Agentic AI with Gemma 3

Although Gemma 3 is available as instruction tuned model, it does not offer dedicated support for tools. When you have a look at the documentation, it's just regular prompting without any special tokens for functions. So in order to use the model as agent, you need to take care about prompting in the right way yourself.

Step 1: Loading the model

As the sample code should run on a Mac, the first step is to load mlx-lm and to initialize a Gemma 3 model. In case you are using CUDA, replace this with a call to Hugging face transformers. In order to load and test your code, use a small model version with 1bn parameters. Before deploying this on a real world use case, you should of course update this to larger version.
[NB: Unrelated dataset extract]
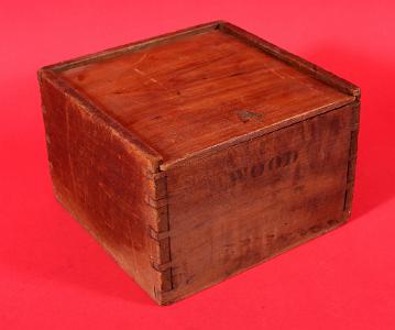 InformationMahogany boxed dry card whale boat compass, signed on the card F.W. LINCOLN 7 CO. BOSTON. MASS. The compass card is divided into eight sections with 64 degree markings around the outside perimeter. The card is set into green painted wood bowl and is set into a two-part metal gimballed ring. The ring is attached at opposite sides to the box and there is a wood wedge that was used to lock the gimbal ring when not in use. The dovetailed pine box has a sliding mahogany top. The front of the box has a black stencil with the word “WOOD." (I -918)

from mlx_lm import load, generate
from mlx_lm.generate import stream_generate
import json

model, tokenizer = load("./models/gemma3-1b-it/transformers")

Step 2: Creating the prompt

The second step is to craft the model prompt based on the user query. First, you initialize the model in general. After completing that, individual functions are specified as JSON Schema and the original user prompt is added at the end.

In case the model wants to call a tool, it will reply with its name and the parameters as JSON.

prompt = tokenizer.apply_chat_template([{
    "role": "system", "content": [{
        "text": """
        You are Gemma, a helpful chat bot. 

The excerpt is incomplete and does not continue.